Single by Grace Jones

from the album Portfolio
- B-side: "Again and Again"
- Released: 1975
- Genre: Disco; funk;
- Length: 3:22
- Label: Orfeus; Beam Junction;
- Songwriters: Paul Adrian Slade; Pierre Papadiamandis;
- Producer: Tom Moulton

Grace Jones singles chronology
|  | "I Need a Man" (1975) | "Sorry" / "That's the Trouble" (1976) |

= I Need a Man (Grace Jones song) =

"I Need a Man" is the debut single by Grace Jones, released in 1975 through Beam Junction. It was re-released in 1977, and reached number 83 on the US Billboard Hot 100 and topped the US Dance Club Songs chart.

==Background==
"I Need a Man" was the debut single for Grace Jones, originally recorded and released in France for the label Orfeus while Jones was still working as a fashion model. It is a disco and funk song. Its initial release passed fairly unnoticed. The track was later re-mixed and released in the U.S. on the minor disco label Beam Junction before Jones signed with Island Records and included it on her 1977 debut album Portfolio. "I Need a Man" then became a modest hit, reaching number 1 spot on the Billboard dance chart. It also contributed to Jones' growing popularity among gay scene.

According to Jones, the original writer of the song, Paul Slade, was an "anonymous, hardworking session guy" who had been writing English lyrics for French singers who wanted to sing in English. Jones claimed to have helped write the words for "I Need a Man" but was not credited as co-writer.

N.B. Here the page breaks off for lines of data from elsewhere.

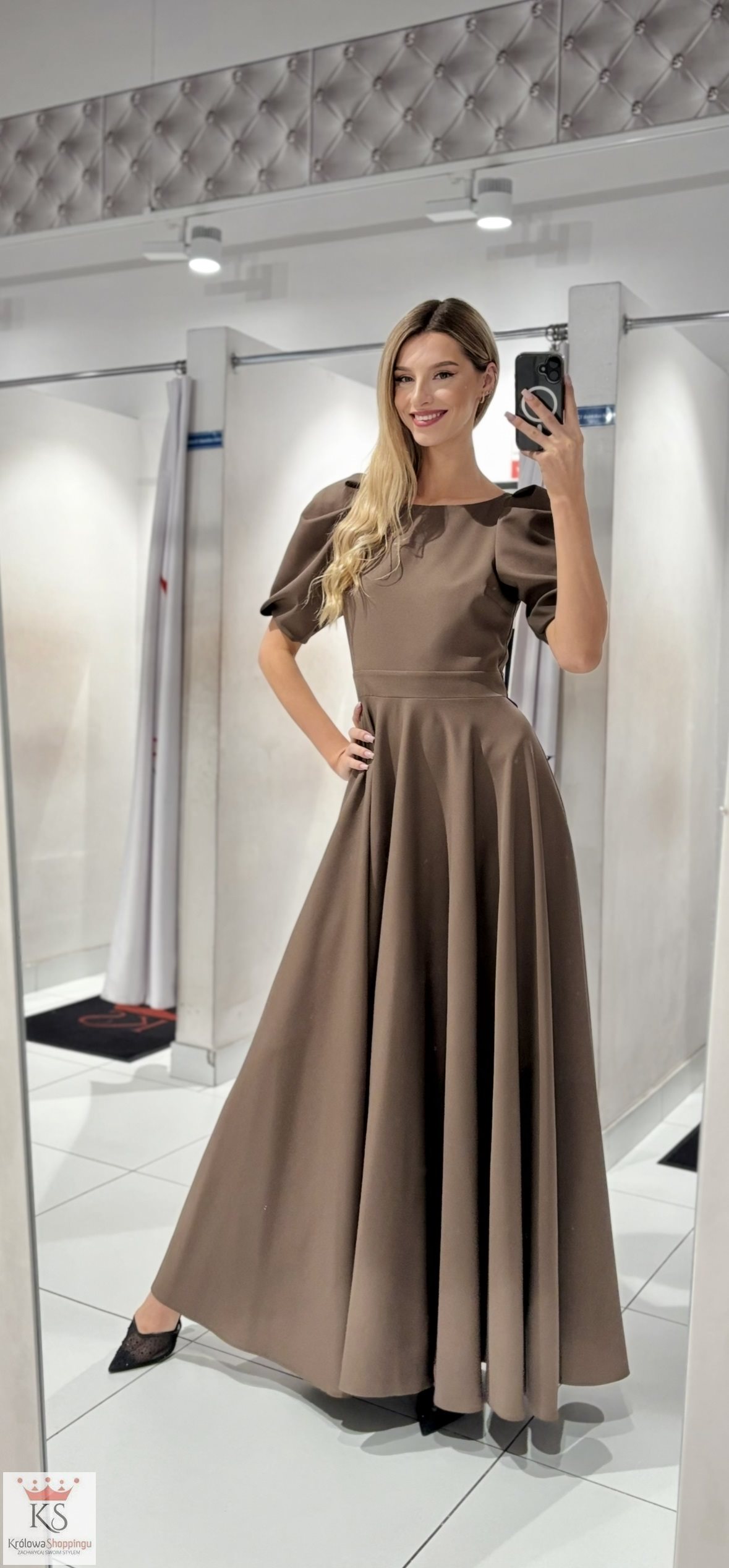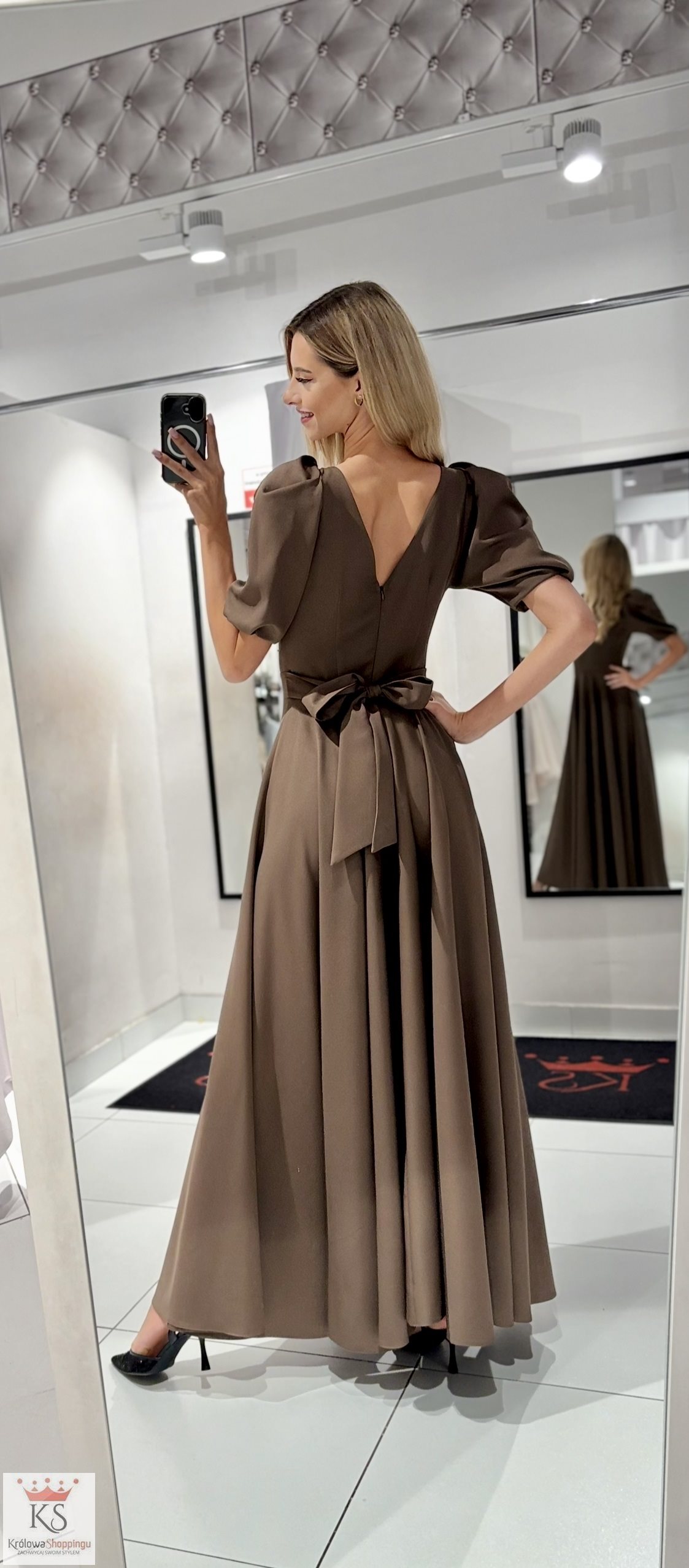 Powiadomienie o dostępności: Sukienka długa bufiaste rękawki ciemny brąz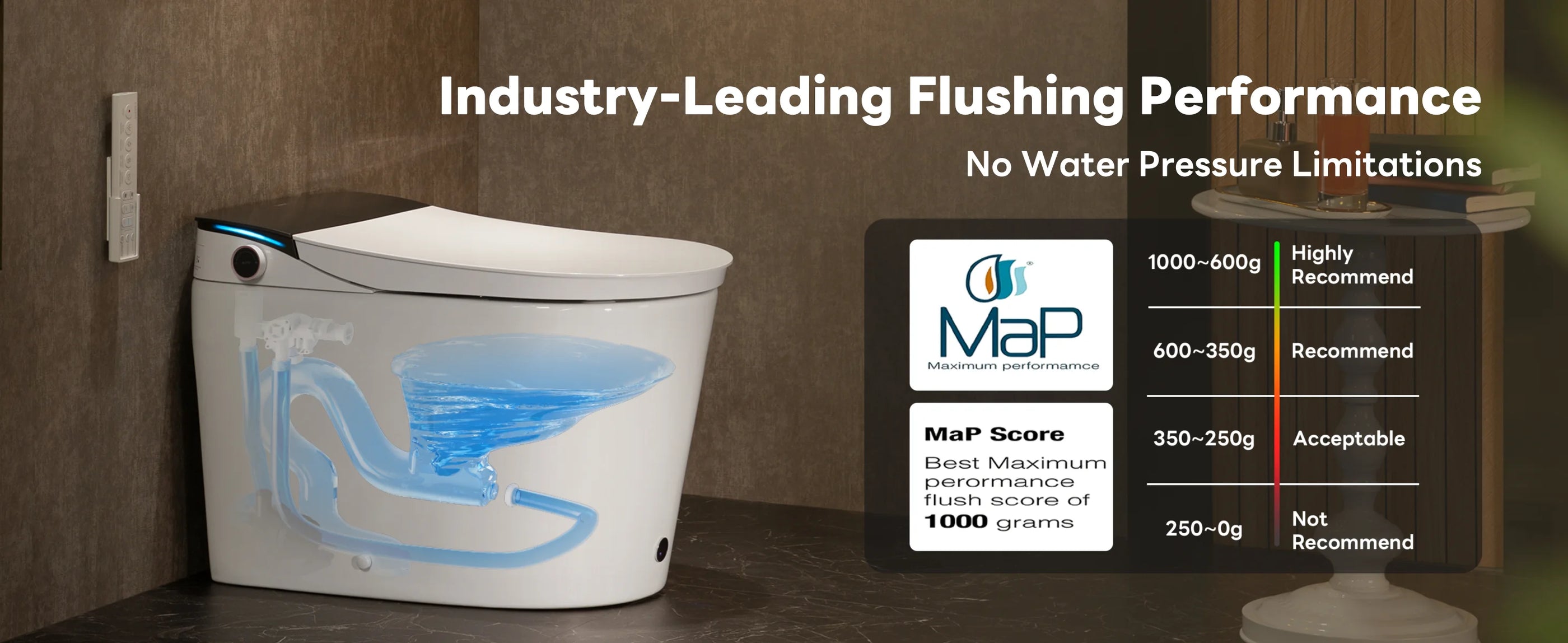 Space-saving design with powerful flushing, adapting to any water pressure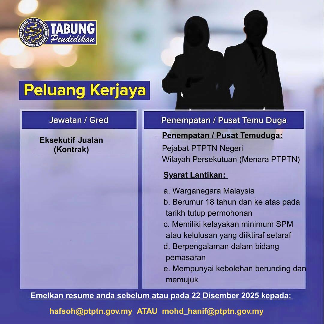 Iklan Jawatan Pejabat PTPTN Negeri Wilayah Persekutuan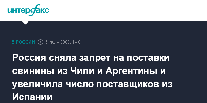 Москва. 6 июля. INTERFAX.RU - Россия сняла запрет на поставки свинины из Чили и Аргентины, введенные в связи с гриппом H1N1, и увеличила число поставщиков из Испании.

The original mix of "I Need a Man", together with its B-side, "Again and Again", remain unreleased on CD.

==Reception==
Billboard magazine felt "I Need Man" was "just as strong, if not stronger than the singer's last double-sided hit", with "much energy and drive".

===Awards and nominations===

| Year | Awards | Work | Category | Result | Ref. |
| 1977 | Billboard Disco Awards | "I Need a Man" | Heavy Disco/Light Radio (Single of the Year) | Nominated |  |
| Disco DJ's Favorite 12" Disc | Nominated |

==Music video==
The music video for the song was made using the chroma key technique and presents Jones wearing a white, knee-length plain dress, dancing to the track.

==Track listings==
- 7" single (1975)
A. "I Need a Man" – 3:15
B. "Again and Again" – 3:46

- 12" single (1977)
A. "I Need a Man" (disco mix) – 7:30
B. "I Need a Man" (instrumental version) – 4:53

- UK 7" single (1977)
A. "I Need a Man" – 3:29
B. "I Need a Man" (Part 2) – 4:17

==Chart performance==

===Weekly Charts===

Chart performance for "I Need a Man"
| Chart (1976–1977) | Peak position |
|---|---|
| Belgium (Ultratop 50 Wallonia) | 19 |
| US Billboard Hot 100 | 83 |
| US Dance Club Songs (Billboard) | 1 |

Chart performance for "I Need a Man" (2015 Vinyl reissue)
| Chart (2015–2017) | Peak Position |
|---|---|
| UK Physical Singles Chart (OCC) | 42 |
| UK Vinyl Singles Chart (OCC) | 30 |

===Year-end charts===

Year-end chart performance for "I Need a Man"
| Chart (1977) | Position |
|---|---|
| US Disco Audience Response (Billboard) | 11 |

==Cover versions==
- American hi-NRG group Man 2 Man recorded a cover version of "I Need a Man" in 1987. This version received peaked at No. 43 on the UK Singles Chart.